> **Your task**: In the entries below, begin at the line that has "Hockey is back!", stop after the line that has "HTML+Bootstrap,IDEA 开发,Maven 管理依赖。", and output those lines exactly with no pictures.

> **Input records**:
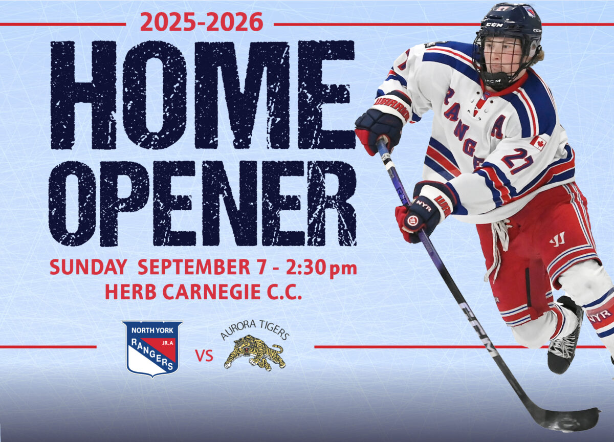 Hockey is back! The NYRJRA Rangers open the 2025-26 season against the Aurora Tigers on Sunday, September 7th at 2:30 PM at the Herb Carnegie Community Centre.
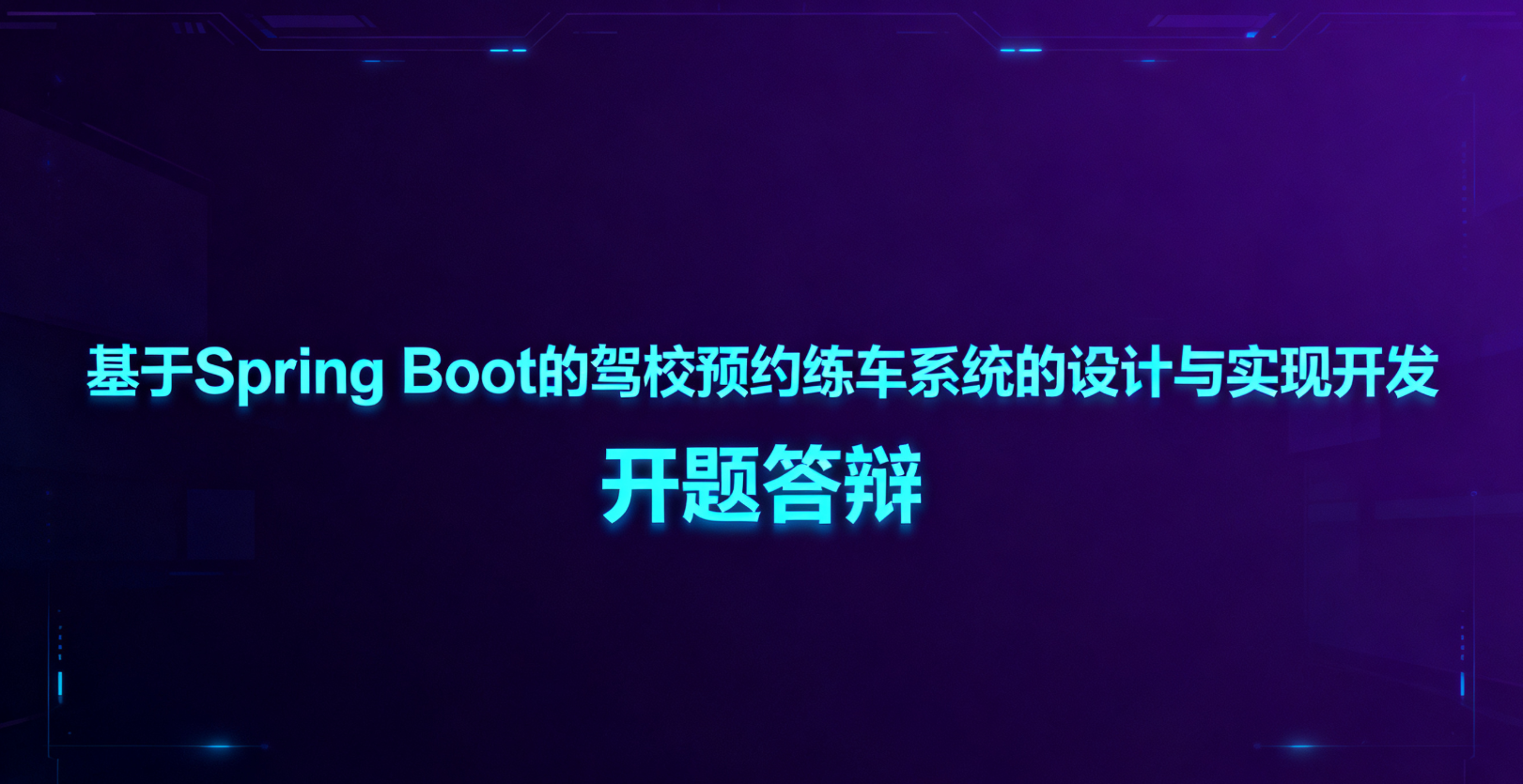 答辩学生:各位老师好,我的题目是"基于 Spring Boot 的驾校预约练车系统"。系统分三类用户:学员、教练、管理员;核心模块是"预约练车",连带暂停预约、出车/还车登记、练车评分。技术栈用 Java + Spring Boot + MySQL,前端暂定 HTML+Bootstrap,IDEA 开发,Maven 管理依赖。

---

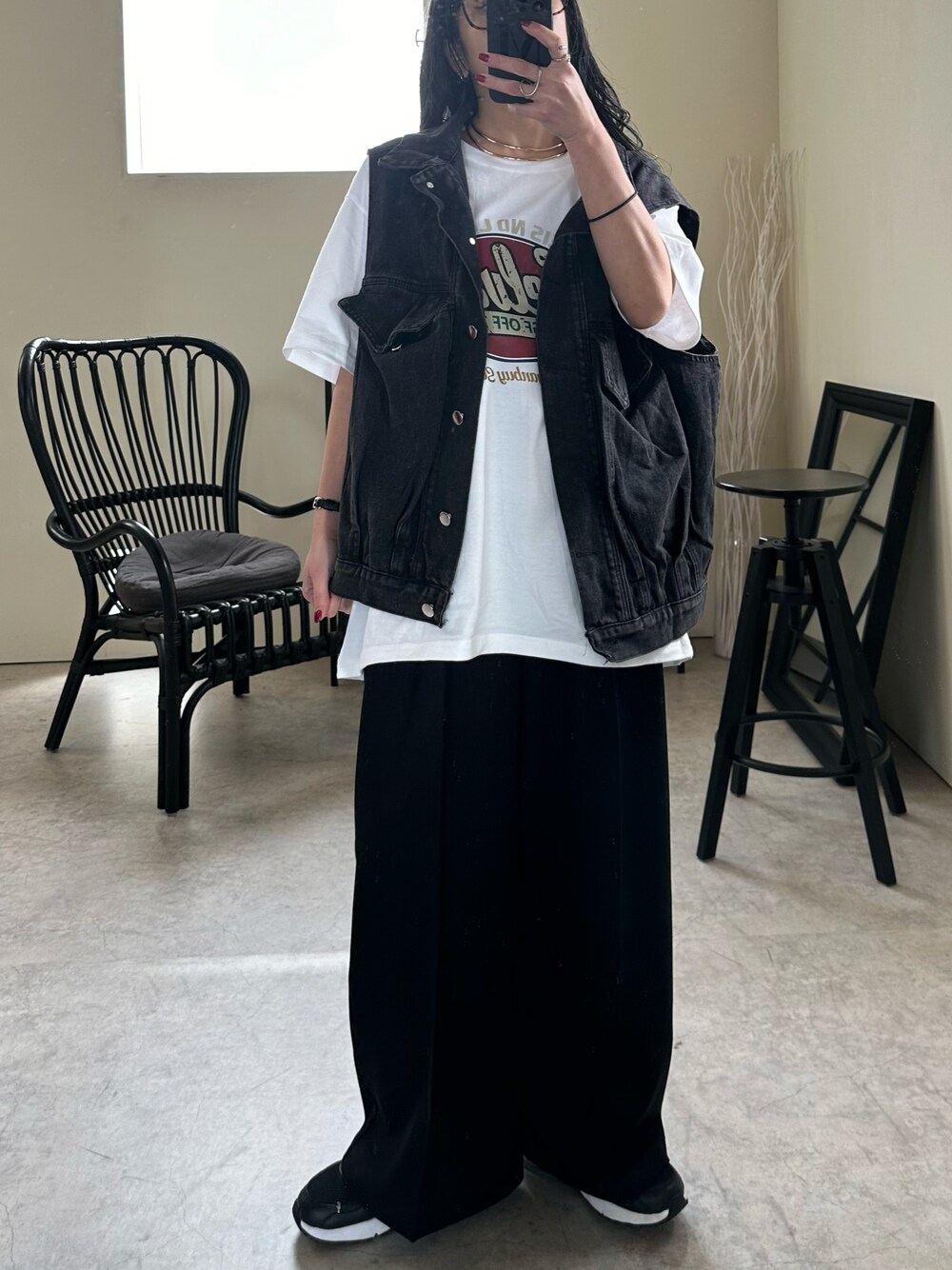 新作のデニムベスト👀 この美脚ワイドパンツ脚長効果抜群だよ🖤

> **Exercise output**:
 Hockey is back! The NYRJRA Rangers open the 2025-26 season against the Aurora Tigers on Sunday, September 7th at 2:30 PM at the Herb Carnegie Community Centre.
 答辩学生:各位老师好,我的题目是"基于 Spring Boot 的驾校预约练车系统"。系统分三类用户:学员、教练、管理员;核心模块是"预约练车",连带暂停预约、出车/还车登记、练车评分。技术栈用 Java + Spring Boot + MySQL,前端暂定 HTML+Bootstrap,IDEA 开发,Maven 管理依赖。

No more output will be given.